### TASK DESCRIPTION
In the listing below, the line containing "Cet écran totalise" marks the end; copy exactly every line from the first through that one.

═════ PROVIDED DATA ═════

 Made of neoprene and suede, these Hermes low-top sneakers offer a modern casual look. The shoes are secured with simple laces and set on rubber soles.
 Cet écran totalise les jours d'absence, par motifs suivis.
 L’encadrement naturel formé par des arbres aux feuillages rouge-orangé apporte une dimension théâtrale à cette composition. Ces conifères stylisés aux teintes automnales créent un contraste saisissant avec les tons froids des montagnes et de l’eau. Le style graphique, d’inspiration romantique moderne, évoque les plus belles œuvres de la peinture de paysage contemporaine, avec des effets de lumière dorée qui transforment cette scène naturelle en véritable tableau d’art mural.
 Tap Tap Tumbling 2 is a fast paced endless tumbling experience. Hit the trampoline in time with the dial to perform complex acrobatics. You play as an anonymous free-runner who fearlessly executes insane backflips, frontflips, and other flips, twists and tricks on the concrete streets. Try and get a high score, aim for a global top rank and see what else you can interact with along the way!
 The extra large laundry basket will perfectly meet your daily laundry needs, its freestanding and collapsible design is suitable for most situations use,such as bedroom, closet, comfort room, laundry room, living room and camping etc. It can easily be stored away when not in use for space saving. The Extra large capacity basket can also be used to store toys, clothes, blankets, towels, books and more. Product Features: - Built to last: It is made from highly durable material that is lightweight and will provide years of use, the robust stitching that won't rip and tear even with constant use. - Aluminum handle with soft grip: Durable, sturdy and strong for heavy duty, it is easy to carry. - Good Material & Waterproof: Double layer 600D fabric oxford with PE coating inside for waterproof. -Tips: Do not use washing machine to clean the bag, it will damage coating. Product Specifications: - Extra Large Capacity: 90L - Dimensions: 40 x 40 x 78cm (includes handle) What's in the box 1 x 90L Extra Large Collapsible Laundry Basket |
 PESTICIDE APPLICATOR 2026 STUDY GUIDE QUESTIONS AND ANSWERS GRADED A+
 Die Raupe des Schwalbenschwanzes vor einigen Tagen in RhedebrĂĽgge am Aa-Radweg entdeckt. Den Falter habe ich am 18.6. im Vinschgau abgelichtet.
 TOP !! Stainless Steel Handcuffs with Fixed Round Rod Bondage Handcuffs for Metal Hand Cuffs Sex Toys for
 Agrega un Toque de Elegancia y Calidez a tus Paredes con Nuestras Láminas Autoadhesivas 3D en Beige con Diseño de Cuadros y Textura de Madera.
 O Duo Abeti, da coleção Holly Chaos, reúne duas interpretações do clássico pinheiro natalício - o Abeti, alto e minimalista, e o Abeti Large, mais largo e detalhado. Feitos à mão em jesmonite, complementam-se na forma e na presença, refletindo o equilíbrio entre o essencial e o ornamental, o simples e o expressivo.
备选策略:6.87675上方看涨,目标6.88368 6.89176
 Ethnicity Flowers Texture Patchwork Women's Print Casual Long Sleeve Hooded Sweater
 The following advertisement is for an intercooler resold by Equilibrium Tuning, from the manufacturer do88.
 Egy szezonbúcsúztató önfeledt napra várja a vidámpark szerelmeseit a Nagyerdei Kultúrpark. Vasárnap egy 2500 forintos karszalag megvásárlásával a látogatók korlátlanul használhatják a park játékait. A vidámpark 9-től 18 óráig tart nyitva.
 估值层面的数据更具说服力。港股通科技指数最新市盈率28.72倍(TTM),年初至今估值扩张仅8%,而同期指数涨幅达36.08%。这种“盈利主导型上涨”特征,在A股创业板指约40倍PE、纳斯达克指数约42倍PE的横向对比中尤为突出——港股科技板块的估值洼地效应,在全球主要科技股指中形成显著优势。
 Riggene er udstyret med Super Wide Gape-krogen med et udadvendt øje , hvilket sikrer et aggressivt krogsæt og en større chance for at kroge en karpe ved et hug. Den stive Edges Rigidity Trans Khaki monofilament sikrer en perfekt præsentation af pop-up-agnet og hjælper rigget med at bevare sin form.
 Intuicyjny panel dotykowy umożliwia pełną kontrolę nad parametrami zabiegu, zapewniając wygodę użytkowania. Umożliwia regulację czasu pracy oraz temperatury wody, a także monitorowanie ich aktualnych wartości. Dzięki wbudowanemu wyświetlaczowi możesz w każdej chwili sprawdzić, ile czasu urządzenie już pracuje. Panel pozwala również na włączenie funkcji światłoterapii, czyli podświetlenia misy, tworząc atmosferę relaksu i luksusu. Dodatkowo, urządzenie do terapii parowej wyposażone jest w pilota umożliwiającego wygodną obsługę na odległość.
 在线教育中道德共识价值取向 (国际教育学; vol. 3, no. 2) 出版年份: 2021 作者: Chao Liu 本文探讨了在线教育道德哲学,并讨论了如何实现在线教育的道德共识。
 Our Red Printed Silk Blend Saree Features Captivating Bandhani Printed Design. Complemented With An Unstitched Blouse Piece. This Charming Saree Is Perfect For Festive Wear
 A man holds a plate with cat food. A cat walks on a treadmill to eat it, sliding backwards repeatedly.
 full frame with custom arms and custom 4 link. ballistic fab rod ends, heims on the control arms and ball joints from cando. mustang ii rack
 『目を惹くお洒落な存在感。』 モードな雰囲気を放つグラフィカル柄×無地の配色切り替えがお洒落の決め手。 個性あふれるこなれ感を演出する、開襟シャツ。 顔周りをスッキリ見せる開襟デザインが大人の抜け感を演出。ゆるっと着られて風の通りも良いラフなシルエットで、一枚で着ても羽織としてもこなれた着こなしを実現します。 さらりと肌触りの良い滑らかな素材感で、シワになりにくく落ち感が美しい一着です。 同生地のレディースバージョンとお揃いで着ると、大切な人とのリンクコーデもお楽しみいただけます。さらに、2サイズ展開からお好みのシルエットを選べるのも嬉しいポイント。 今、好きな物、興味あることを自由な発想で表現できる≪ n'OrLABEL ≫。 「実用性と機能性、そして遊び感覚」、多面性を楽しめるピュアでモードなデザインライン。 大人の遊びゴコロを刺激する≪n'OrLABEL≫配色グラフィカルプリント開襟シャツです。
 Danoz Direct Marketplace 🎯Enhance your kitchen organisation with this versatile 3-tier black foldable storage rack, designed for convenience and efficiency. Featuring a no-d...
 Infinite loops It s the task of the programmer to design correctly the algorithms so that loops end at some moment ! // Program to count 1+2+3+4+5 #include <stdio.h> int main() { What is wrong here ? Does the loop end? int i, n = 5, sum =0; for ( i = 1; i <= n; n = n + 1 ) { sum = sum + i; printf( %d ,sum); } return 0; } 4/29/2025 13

═════

### EXPECTED ANSWER
 Made of neoprene and suede, these Hermes low-top sneakers offer a modern casual look. The shoes are secured with simple laces and set on rubber soles.
 Cet écran totalise les jours d'absence, par motifs suivis.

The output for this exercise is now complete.